After thinking about it, to color an egg you need vinegar to penetrate the shell for the dye to adhere to the shell as the outer shell is impervious. My guess is by adding the vinegar to the boil the outer shell deteriorates to allow some of the water to get between the shell and the egg for an easy removal. All I can say is it works and has been a blessing when I need to shell hard cooked eggs. I also did a taste test and did not find a vinegar flavor in the egg cooked this way although might have been an enhancement for deviled eggs. Let me know if this works for you…

And yes, butter does keep it fresh in appearance.


----------



## siduri (Aug 13, 2006)

I give this advice every time. Every time it is completely ignored. 
do not prick with pin. 
Do not make gadgets to prick more easily with pin
SLIGHTLY CRACK the big end before putting in water. You will let water in and air out and the water will enter between the skin and the shell and the egg will come apart EASILY!!!!
try it, tell me it doesn't work, but at least try it.


----------



## free rider (May 23, 2006)

The reason I prick eggs with a pin is to make them easy to peel. I'll try your idea and see what happens.
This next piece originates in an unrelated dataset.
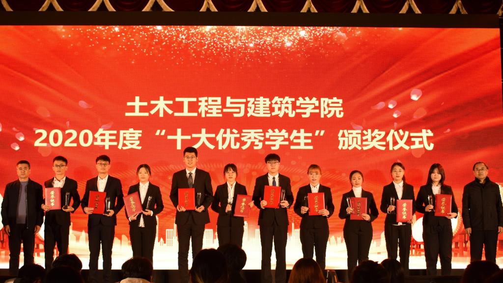 在“十大优秀学生”颁奖环节中,一段段VCR精彩纷呈,展示了滚球app平台官网十大优秀学生的傲人风采,展现了土建学子担当时代责任、勇于砥砺奋斗的精神风貌。他们是个人综合能力的突出榜样,是奋斗青春的典型楷模,是土建学子的优秀代表,他们的优秀事迹激励广大同学奋勇争先、一路向前。2020年度校十大优秀学生、院十大优秀学生代表王家轩发言,他表达了对学院领导和老师悉心培养的感激和对同学们团结互助的肯定,以自身成长激励在座同学奋发图强,奋勇拼搏,在磨砺与挫折中成长,在坚持与奋斗中成才。

As for the suggestion that eggs don't explode. I'm afraid that I've been lazy on occasion about the pin-pricking and did have eggs explode. Not a big explosion, but enough to make the eggs unusable. The insides seeped out and I ended up with eggs with giant tendrils.


----------



## brandon (Dec 8, 2008)

I tried the slight cracking of the large side before cooking. It works great, thanks. Just shows old dogs can learn!


----------



## siduri (Aug 13, 2006)

thanks brandon and free rider. 
I did the stupid pin thing for years, and it drove me crazy, since if the egg has a thick shell you usually end up with a pricked finger, and all i need is yet another gadget in my drawer ... (someone once gave me an egg pricker). The cracking method is so easy and so simple and once i discovered it, so obvious... 

in italian there is a term called "l'uovo di Colombo" - Columbus' egg - which refers to a story (probably a legend) that he was at dinner at the spanish court and queen isabella asked how it would be possible to sail to the indies going west, and he said - can you balance this hard boiled egg so that it stands up on the table? She couldn't, and no one else at the table could. So he slightly cracked the big end just enough to flatten the air pocket and stood it up - the moral being that sometimes the simple solution is right there but no one sees it. In italian when you want to say something is the obvious and simplest solution that no one can see till it's pointed out to them, you call it "columbus' egg". I pricked eggs with pins for twenty years before i thought of this. Now it seems so obvious i can't understand why i didn;t see it sooner.


----------



## Lindy Shelly (Dec 12, 2017)

There are no hard and fast rules for preparing eggs and tell that it is ready. Only you have to follow the ideal procedure of cooking to get the desired result.

Gently place a layer of eggs in the saucepan
Keep enough space between them
Pour water into the saucepan up to an inch above egg
Put some salt to avoid cracking of shells
Heat it up for about 12 – 15 minutes
Turn off the burner


----------